:: Task to carry out ::
Beginning with the line that holds "The Naini coal" and finishing with the line that holds "Само здание театра", repeat the listing exactly, leaving every picture out.

:: Task material ::

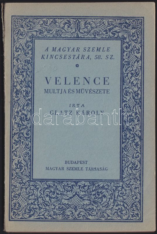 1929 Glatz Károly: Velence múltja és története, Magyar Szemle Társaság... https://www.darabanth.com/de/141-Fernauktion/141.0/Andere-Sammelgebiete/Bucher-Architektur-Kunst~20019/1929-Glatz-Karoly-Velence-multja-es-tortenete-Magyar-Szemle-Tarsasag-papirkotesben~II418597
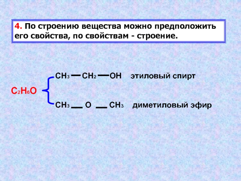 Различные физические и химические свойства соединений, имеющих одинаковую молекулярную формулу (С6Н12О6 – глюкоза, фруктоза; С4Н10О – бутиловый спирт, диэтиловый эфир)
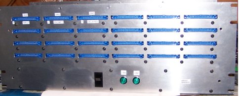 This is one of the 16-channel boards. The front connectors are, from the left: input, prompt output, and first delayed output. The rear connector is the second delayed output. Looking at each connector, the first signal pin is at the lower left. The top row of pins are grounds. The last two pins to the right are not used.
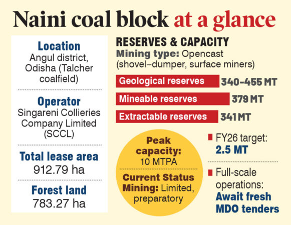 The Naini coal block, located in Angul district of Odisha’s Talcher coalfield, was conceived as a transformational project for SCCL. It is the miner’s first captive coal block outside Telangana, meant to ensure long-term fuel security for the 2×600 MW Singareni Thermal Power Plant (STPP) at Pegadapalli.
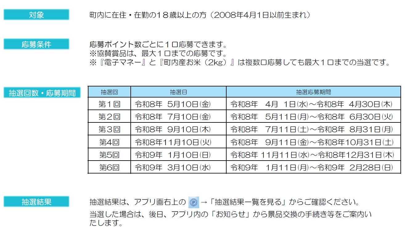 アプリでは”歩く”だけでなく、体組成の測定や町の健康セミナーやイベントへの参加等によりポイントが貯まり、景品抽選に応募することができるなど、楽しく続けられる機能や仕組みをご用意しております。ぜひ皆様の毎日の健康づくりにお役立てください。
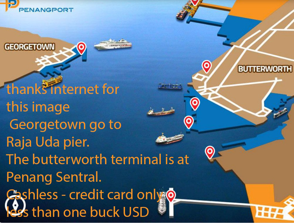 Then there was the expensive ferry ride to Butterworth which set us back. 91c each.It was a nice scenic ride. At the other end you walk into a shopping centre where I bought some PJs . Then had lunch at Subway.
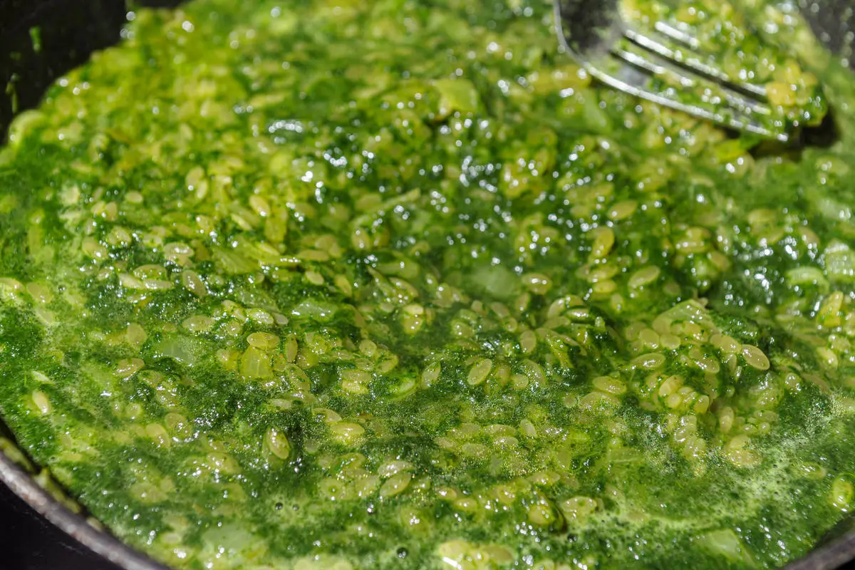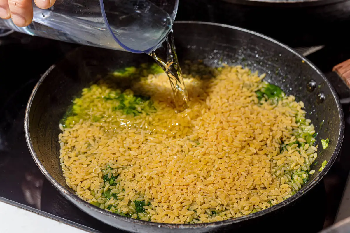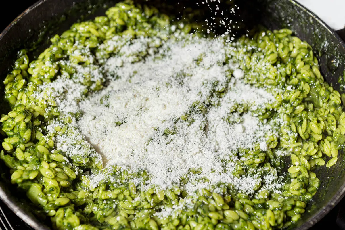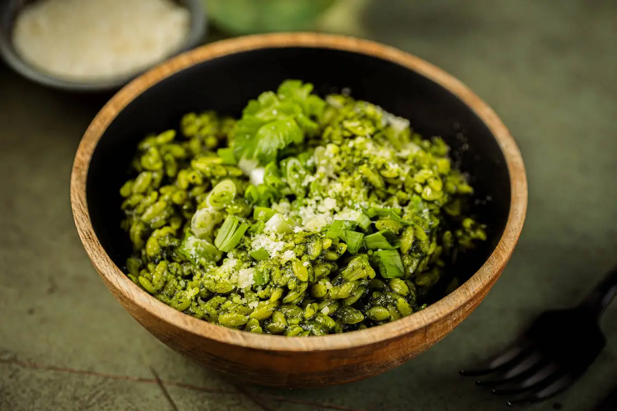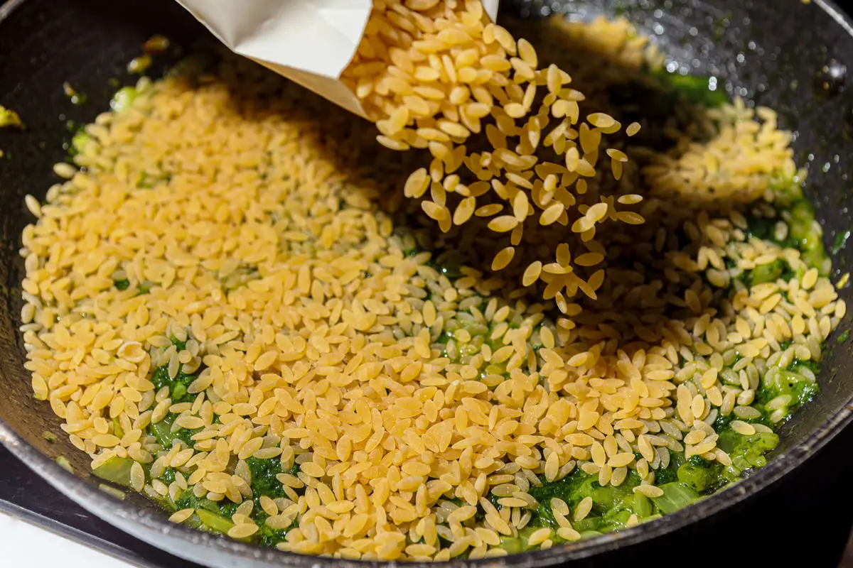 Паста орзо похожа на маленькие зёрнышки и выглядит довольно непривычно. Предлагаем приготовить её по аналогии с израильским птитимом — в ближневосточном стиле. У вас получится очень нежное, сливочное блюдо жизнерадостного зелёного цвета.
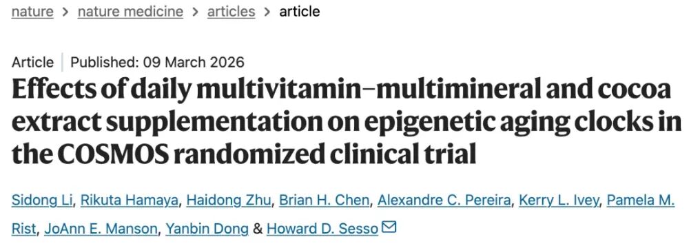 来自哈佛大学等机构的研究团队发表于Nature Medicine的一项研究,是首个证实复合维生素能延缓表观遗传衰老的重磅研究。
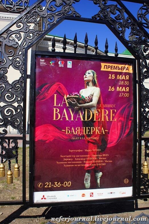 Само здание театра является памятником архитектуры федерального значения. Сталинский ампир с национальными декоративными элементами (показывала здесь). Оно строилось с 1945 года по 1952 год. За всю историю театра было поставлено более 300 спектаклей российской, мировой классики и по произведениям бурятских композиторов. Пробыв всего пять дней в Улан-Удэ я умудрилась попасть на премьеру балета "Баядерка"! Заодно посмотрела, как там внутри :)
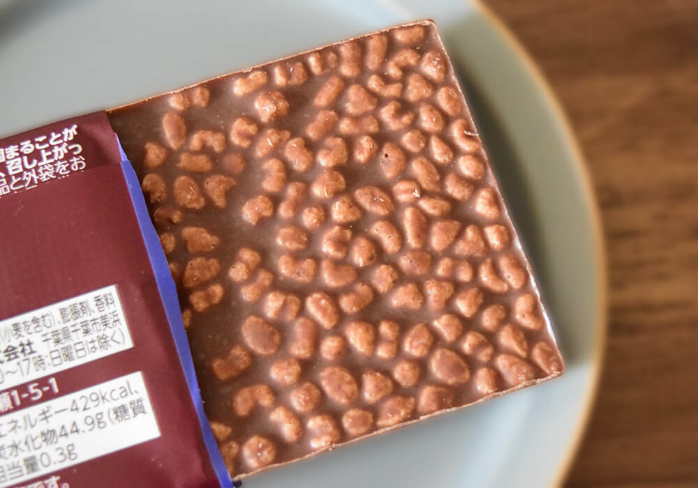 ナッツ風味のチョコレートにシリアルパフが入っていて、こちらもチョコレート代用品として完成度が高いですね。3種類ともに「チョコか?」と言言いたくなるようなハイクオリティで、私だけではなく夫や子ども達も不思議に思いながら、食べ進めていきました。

==

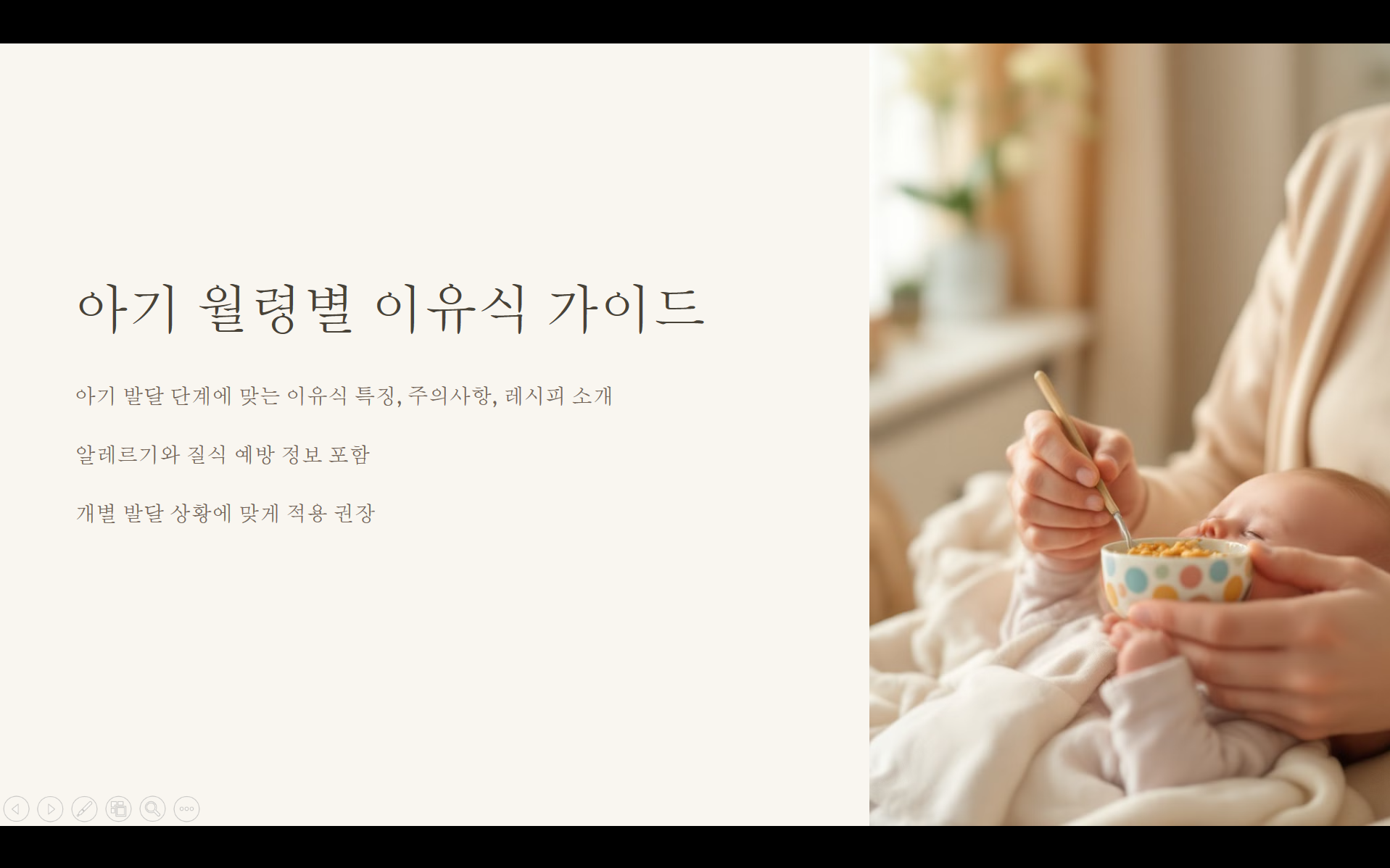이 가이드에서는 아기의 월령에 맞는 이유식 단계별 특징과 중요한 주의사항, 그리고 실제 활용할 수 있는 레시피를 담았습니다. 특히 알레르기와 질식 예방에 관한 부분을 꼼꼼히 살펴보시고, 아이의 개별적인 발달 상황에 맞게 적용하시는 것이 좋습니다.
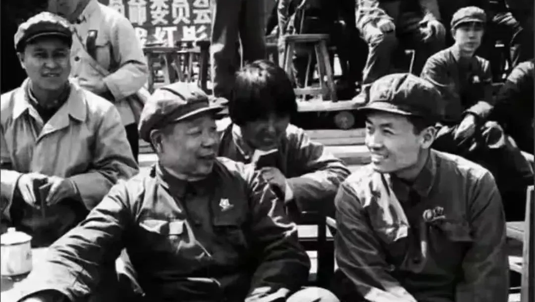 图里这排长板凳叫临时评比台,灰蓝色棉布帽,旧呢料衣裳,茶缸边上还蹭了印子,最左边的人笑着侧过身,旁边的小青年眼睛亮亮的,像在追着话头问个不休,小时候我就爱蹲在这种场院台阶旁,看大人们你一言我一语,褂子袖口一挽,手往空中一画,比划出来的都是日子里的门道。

* * *

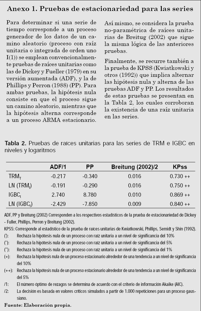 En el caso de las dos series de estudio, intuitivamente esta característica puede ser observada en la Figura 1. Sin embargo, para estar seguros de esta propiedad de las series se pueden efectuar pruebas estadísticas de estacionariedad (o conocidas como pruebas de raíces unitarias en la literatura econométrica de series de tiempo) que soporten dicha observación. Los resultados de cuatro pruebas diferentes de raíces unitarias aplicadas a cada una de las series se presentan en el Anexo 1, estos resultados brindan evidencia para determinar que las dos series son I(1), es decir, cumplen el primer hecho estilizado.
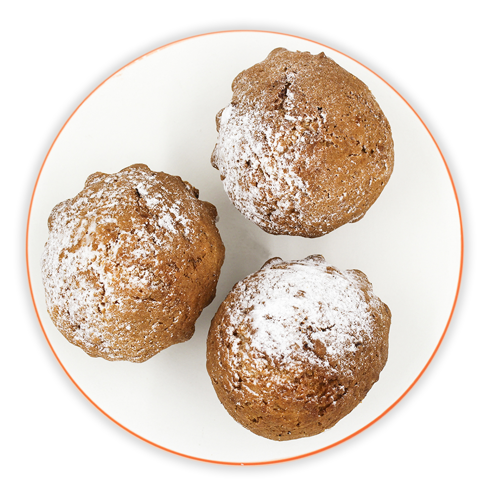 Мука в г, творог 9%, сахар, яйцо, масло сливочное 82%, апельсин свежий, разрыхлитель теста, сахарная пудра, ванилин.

:: Answer space ::
 The Naini coal block, located in Angul district of Odisha’s Talcher coalfield, was conceived as a transformational project for SCCL. It is the miner’s first captive coal block outside Telangana, meant to ensure long-term fuel security for the 2×600 MW Singareni Thermal Power Plant (STPP) at Pegadapalli.
 アプリでは”歩く”だけでなく、体組成の測定や町の健康セミナーやイベントへの参加等によりポイントが貯まり、景品抽選に応募することができるなど、楽しく続けられる機能や仕組みをご用意しております。ぜひ皆様の毎日の健康づくりにお役立てください。
 Then there was the expensive ferry ride to Butterworth which set us back. 91c each.It was a nice scenic ride. At the other end you walk into a shopping centre where I bought some PJs . Then had lunch at Subway.
 Паста орзо похожа на маленькие зёрнышки и выглядит довольно непривычно. Предлагаем приготовить её по аналогии с израильским птитимом — в ближневосточном стиле. У вас получится очень нежное, сливочное блюдо жизнерадостного зелёного цвета.
 来自哈佛大学等机构的研究团队发表于Nature Medicine的一项研究,是首个证实复合维生素能延缓表观遗传衰老的重磅研究。
 Само здание театра является памятником архитектуры федерального значения. Сталинский ампир с национальными декоративными элементами (показывала здесь). Оно строилось с 1945 года по 1952 год. За всю историю театра было поставлено более 300 спектаклей российской, мировой классики и по произведениям бурятских композиторов. Пробыв всего пять дней в Улан-Удэ я умудрилась попасть на премьеру балета "Баядерка"! Заодно посмотрела, как там внутри :)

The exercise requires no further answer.